Les tensions persistantes sur le foncier, la hausse continue des coûts de production et les difficultés d’accès à l’eau agricole accentuent la vulnérabilité des exploitations. Enfin, le renouvellement des générations d’agriculteurs constitue un enjeu central pour garantir la continuité et la pérennité de la filière, dans un contexte marqué par le vieillissement de la population antillaise.


L’export, levier de développement économique du territoire et pilier de la souveraineté alimentaire
Malgré les crises et les incertitudes, Caraïbes Melonniers s’appuie sur un modèle mixte alliant export et ancrage local, visant à la fois la pérennité économique de la filière et le renforcement de la souveraineté alimentaire dans les territoires caribéens. Ainsi, pour 2025, la coopérative vise 3 130 tonnes à l’export et 1 200 tonnes destinées aux marchés locaux, représentant environ 73 % du chiffre d’affaires sur l’export et 27 % sur le marché local. Aujourd’hui, 60 à 70 % du chiffre d’affaires provient des marchés intra-nationaux, principalement vers l’Hexagone, représentant 50 à 60 % des volumes produits. Parallèlement, le groupement explore de nouveaux débouchés pour diversifier ses revenus et sécuriser ses équilibres financiers.
Pour autant, le marché local reste un levier essentiel : il garantit aux populations un approvisionnement régulier en produits frais, sains et issus du territoire. « L’export structure notre production et nous permet de maintenir un niveau d’activité suffisant pour approvisionner le marché local », explique Charles Leclere. « Sans ce modèle équilibré, c’est toute la souveraineté alimentaire de nos territoires qui serait fragilisée, et il est important de souligner que l’assise économique générée par les activités de la filière melon permet également de soutenir la diversification des producteurs vers des Fruits et légumes autres que le Melon, fondamentaux pour la souveraineté alimentaire de nos Iles .»
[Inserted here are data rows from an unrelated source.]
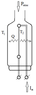Первые реализации теплового вакуумметра были предложены Пирани в 1906 г. (рис. 9) [15]. В данном типе вакуумметров остаточное давление в камере измеряется пересчетом известных зависимостей теплопроводности газа от давления. Таким образом, измеряя разность температур Т1 и Т2, возникающую в результате выделения теплоты Q при протекании тока Iн через нить накала, оценивают остаточное давление.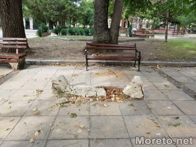 Една от пейките в градинката зад Община Варна, буквално е потрошена, видя репортер на Moreto.net.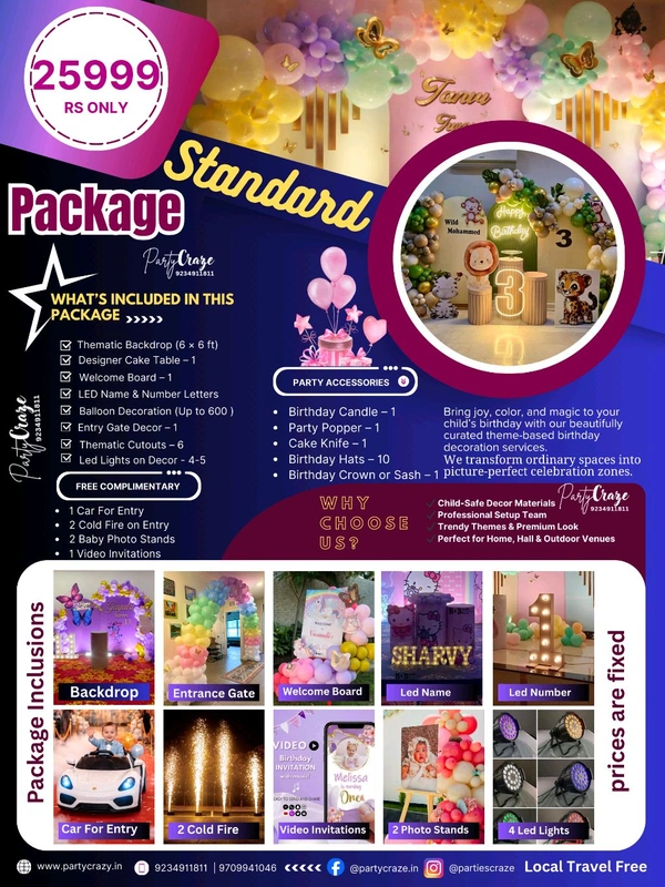 This package is ideal for creating a colorful, fun-filled atmosphere with professional-quality decorations, perfect lighting, and exciting entry moments for your little one.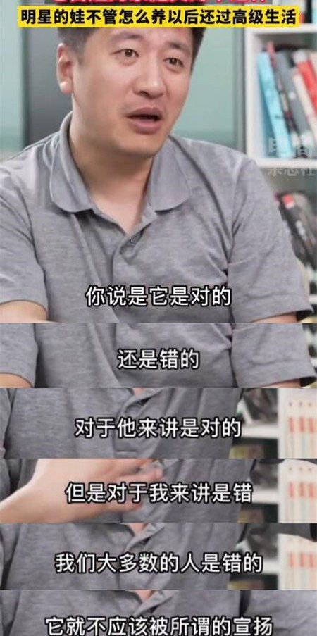 首页 张雪峰批明星带娃类综艺:老百姓的家庭不是这个样子的 2022-09-21 09:00:06 分享 搜狐娱乐讯 近日,张雪峰在采访中谈明星带娃类综艺,他说:“我从来不建议大家去看明星养娃的综艺,人家的养娃方式,你行吗,你有那条件吗?”张雪峰还表示,我就说不要有这种节目,老百姓的家庭不是那个样子,它就不应该被所谓地宣扬。对此有网友认为张雪峰一针见血,但也有人说反驳,“就单纯想看个综艺下饭不行吗?”张雪峰曾因“劝人考研的段子”火遍全网,被网友尊为“那个劝人考研的老师”、“那个段子张口就来的老师”。返回搜狐,查看更多
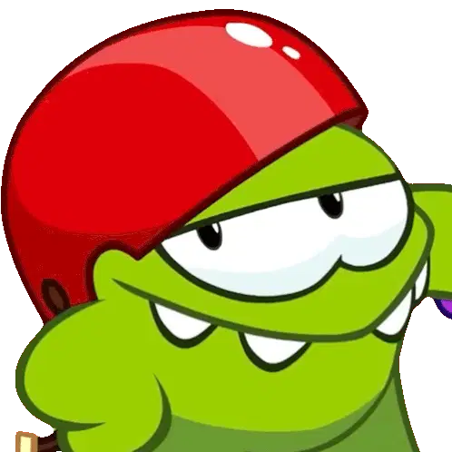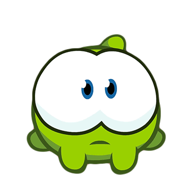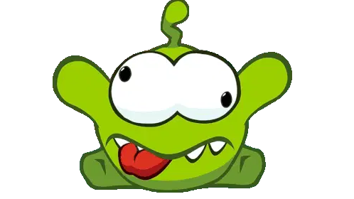 An excited Nibble Nom character, a green cartoon creature with big blue eyes, bobs happily.

Mais la filière ne se contente pas de produire : elle innove, se diversifie et anticipe. Caraïbes Melonniers investit dans la recherche agronomique et l’expérimentation variétale, le développement de solutions durables de protection des cultures, l’accompagnement technique des producteurs et la valorisation des savoir-faire et des circuits régionaux.
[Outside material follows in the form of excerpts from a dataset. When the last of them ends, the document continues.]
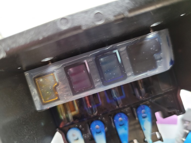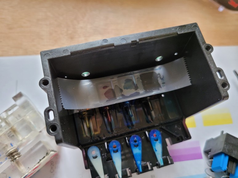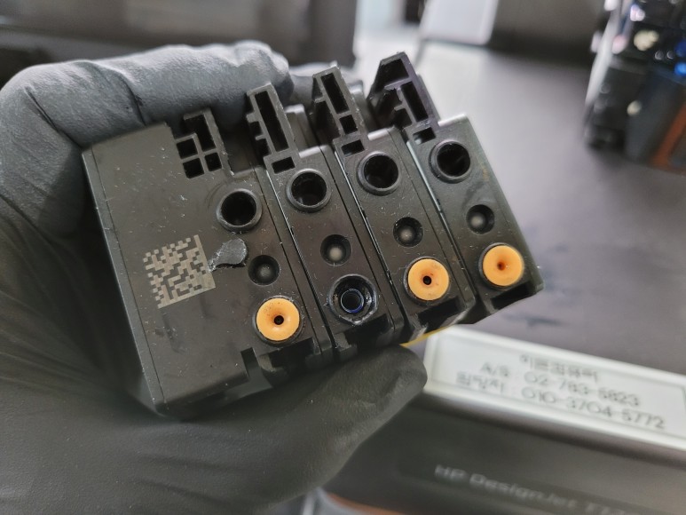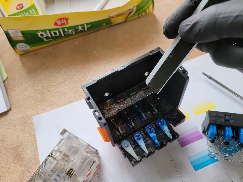 프린터 헤드를 분해해 탄성접착제를 얇게 도포하고 테이핑 보강했습니다. (C 카트리지 부싱 노후화로 파랑으로 오염되어 있었습니다.)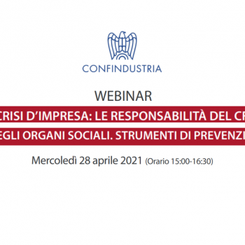 Mercoledì, 28 aprile 2021, dalle ore 15.00 alle ore 16.30 si terrà, a cura della Confindustria, il webinar on line: “Crisi d’impresa: le responsabilità del Cfo e degli organi sociali…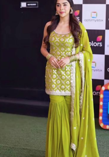 New Designer Party Wear Look Heavy Natural Crep Silk With Sequence Multi Needle Embroidery Worktop with farshi salwar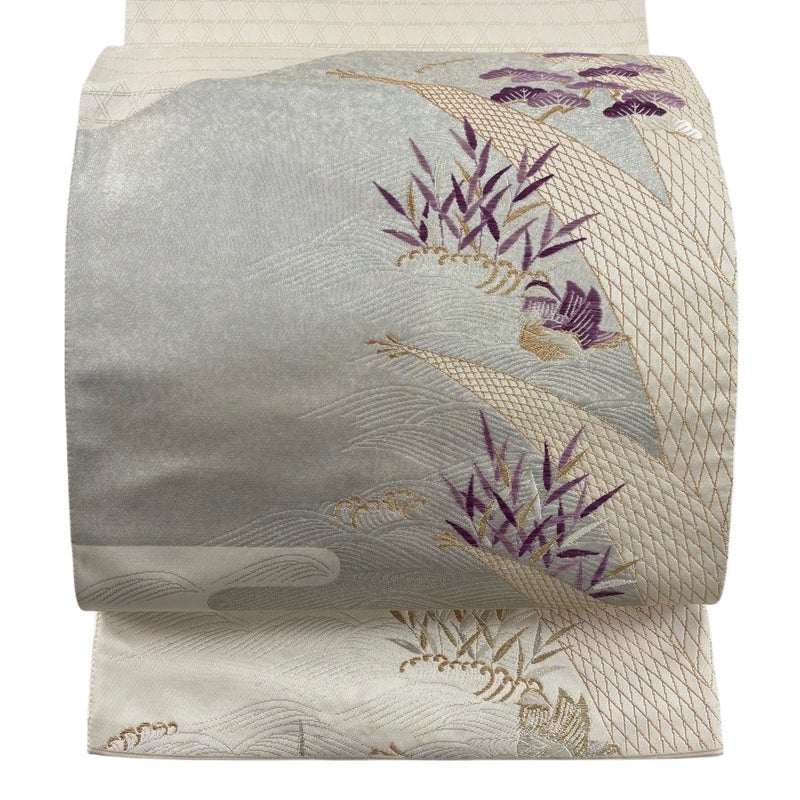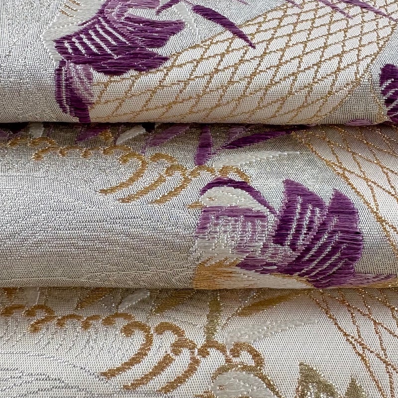 【着物ランク】逸品 【素材】正絹 【帯丈】約432cm 【帯幅】約31cm 【帯仕立て】仕立て上がり 【状態ランク】ランクA 【作家名】帝王紫 【帯着用シーン】フォーマル(留袖・振袖・訪問着)

Une filière proactive mais victime collatérale des nouvelles orientations budgétaires
Plutôt que de rester les bras croisés, Caraïbes Melonniers se positionne dans une dynamique active, proposant des actions concrètes pour soutenir ses producteurs et renforcer la qualité et la durabilité de la filière. La coopérative investit dans le renouvellement des équipes, le dialogue permanent avec les producteurs, le renforcement des démarches qualité et environnementales, et des initiatives quotidiennes sur le terrain pour améliorer les pratiques agricoles, protéger les ressources et anticiper les défis de demain.
Mais sans visibilité ni soutien durable, la dynamique reste fragile. « Nous avons une dynamique très volontaire. Mais nous ressentons cruellement un manque de soutien. Même si nous comprenons le contexte européen et international », déplore Charles Leclere. « Aujourd’hui, nous avons clairement le sentiment d’être des victimes collatérales de ces changements d’orientation », conclut-il.
À la veille d’échéances politiques majeures, leur appel sonne comme un avertissement : sans visibilité, moyens et volonté politique, la filière pourrait être profondément fragilisée, compromettant les efforts de structuration engagés depuis plus de 40 ans.